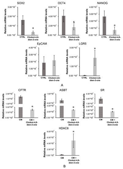 hBTSCs cultured in KM supplemented with cholest-4,6-dien-3-one for 10 days showed a significant reduction in relative mRNA levels of stem cell genes, such as SOX2 (p < 0.0001; N = 6), OCT4 (p < 0.001; N = 6), and NANOG (p < 0.0001; N = 6) when compared with hBTSCs cultured in basal condition (Figure 3). At the same time, cells exposed to cholest-4,6-dien-3-one for 10 days showed an increase of LGR5 mRNA levels (p < 0.0001; N = 6) when compared to hBTSCs cultured in KM, while only a trend towards an increase was observed in EpCAM mRNA levels expression (p > 0.05; N = 6) (Figure 3A). Moreover, hBTSCs were expanded in KM preconditioned for five days in CM and thereafter, exposed to CM or CM supplemented with cholest-4,6-dien-3-one for 10 days to mimic cholangiocyte differentiation and an injury along the differentiation, as may happen in bile duct regeneration [18]. From the results obtained, cholest-4,6-dien-3-one supplemented CM markedly impaired cell cholangiocyte differentiation as observed by a significant reduction of mature cell genes CFTR (p < 0.0001; N = 6), ASBT (p < 0.0001; N = 6), and SR (p < 0.0001; N = 6) compared to hBTSCs cultured in CM for 15 days (Figure 3B). As confirmed of cholangiocyte breaking up, e.g., primary cilium remodeling, higher mRNA levels of HDAC6 (p < 0.0001; N = 6) were observed in cells cultured in CM added with cholest-4,6-dien-3-one than cells cultured in CM (control) (Figure 3B). Taken together these results suggest that cholest-4,6-die-3-one could induce stem cells to become putative trans-amplifying compartment cells and, at the same time, could block the differentiation in mature cholangiocytes.
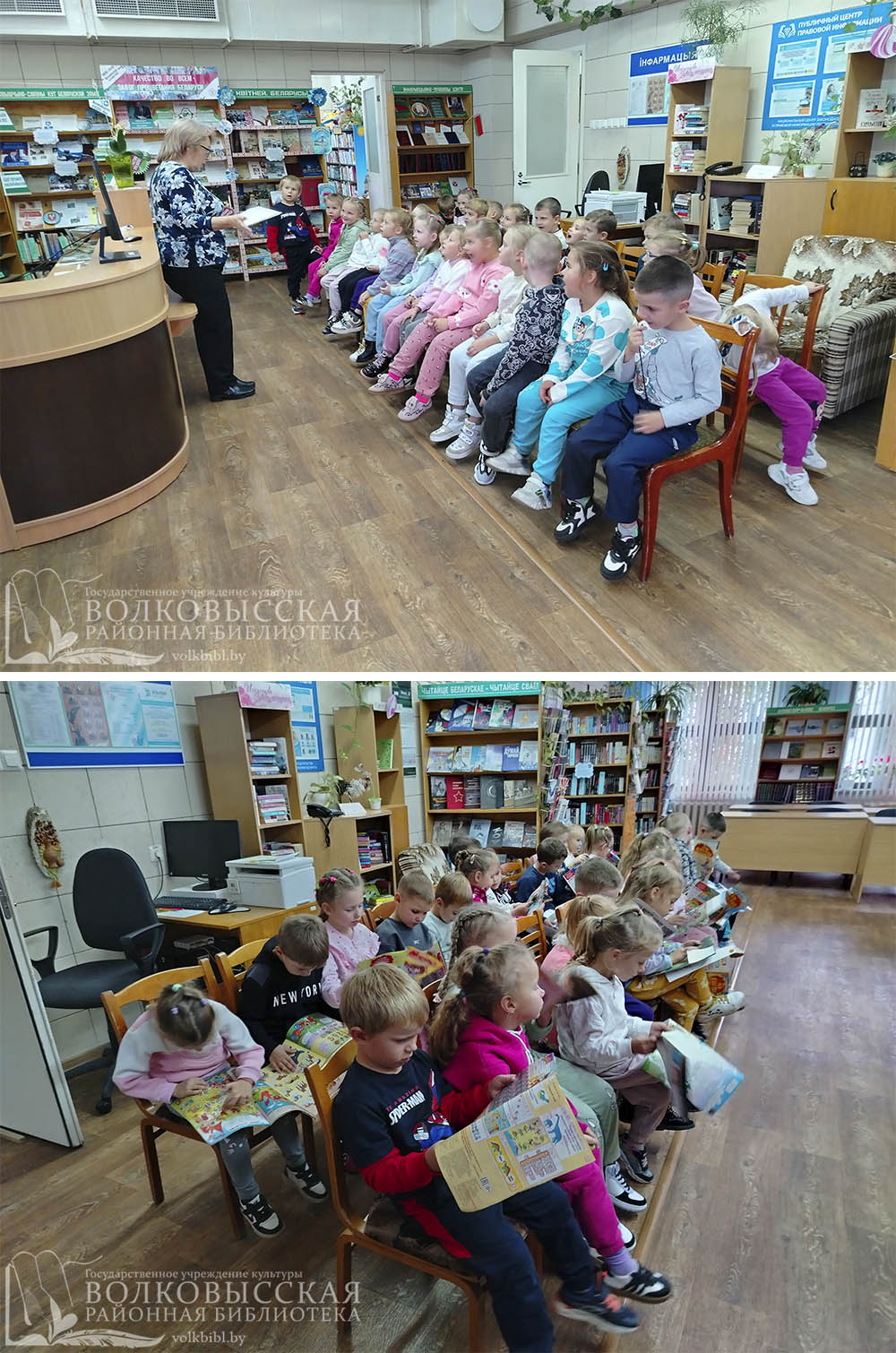 30 сентября на экскурсию в филиал «Росская городская поселковая библиотека» пришли ребята старшей группы ГУО «Росский детский сад». Библиотекарь рассказала детям, что такое библиотека и как давно они существуют, познакомила малышей с правилами пользования библиотекой и обращения с книгой, рассказала об электронном читательском формуляре. Дети узнали, что книги – это самое ценное в библиотеке, и у каждой из них есть своё место на полке, чтобы любой желающий мог легко найти её. С большим интересом воспитанники посмотрели мультфильм про библиотеку “Три кота”, а затем дружно угадывали сказочных героев в электронной игре “В гостях у сказки?”. Ребята познакомились с детскими книжками и журналами. На память об экскурсии в библиотеку малыши получили книжные закладки.
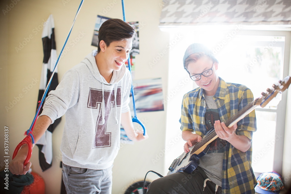 Fotografie Two teenage boys having fun and playing electric guitar in room

Task to carry out.
Without the pictures, write out the listing exactly as it appears above.

Exercise answer.
 hBTSCs cultured in KM supplemented with cholest-4,6-dien-3-one for 10 days showed a significant reduction in relative mRNA levels of stem cell genes, such as SOX2 (p < 0.0001; N = 6), OCT4 (p < 0.001; N = 6), and NANOG (p < 0.0001; N = 6) when compared with hBTSCs cultured in basal condition (Figure 3). At the same time, cells exposed to cholest-4,6-dien-3-one for 10 days showed an increase of LGR5 mRNA levels (p < 0.0001; N = 6) when compared to hBTSCs cultured in KM, while only a trend towards an increase was observed in EpCAM mRNA levels expression (p > 0.05; N = 6) (Figure 3A). Moreover, hBTSCs were expanded in KM preconditioned for five days in CM and thereafter, exposed to CM or CM supplemented with cholest-4,6-dien-3-one for 10 days to mimic cholangiocyte differentiation and an injury along the differentiation, as may happen in bile duct regeneration [18]. From the results obtained, cholest-4,6-dien-3-one supplemented CM markedly impaired cell cholangiocyte differentiation as observed by a significant reduction of mature cell genes CFTR (p < 0.0001; N = 6), ASBT (p < 0.0001; N = 6), and SR (p < 0.0001; N = 6) compared to hBTSCs cultured in CM for 15 days (Figure 3B). As confirmed of cholangiocyte breaking up, e.g., primary cilium remodeling, higher mRNA levels of HDAC6 (p < 0.0001; N = 6) were observed in cells cultured in CM added with cholest-4,6-dien-3-one than cells cultured in CM (control) (Figure 3B). Taken together these results suggest that cholest-4,6-die-3-one could induce stem cells to become putative trans-amplifying compartment cells and, at the same time, could block the differentiation in mature cholangiocytes.
 30 сентября на экскурсию в филиал «Росская городская поселковая библиотека» пришли ребята старшей группы ГУО «Росский детский сад». Библиотекарь рассказала детям, что такое библиотека и как давно они существуют, познакомила малышей с правилами пользования библиотекой и обращения с книгой, рассказала об электронном читательском формуляре. Дети узнали, что книги – это самое ценное в библиотеке, и у каждой из них есть своё место на полке, чтобы любой желающий мог легко найти её. С большим интересом воспитанники посмотрели мультфильм про библиотеку “Три кота”, а затем дружно угадывали сказочных героев в электронной игре “В гостях у сказки?”. Ребята познакомились с детскими книжками и журналами. На память об экскурсии в библиотеку малыши получили книжные закладки.
 Fotografie Two teenage boys having fun and playing electric guitar in room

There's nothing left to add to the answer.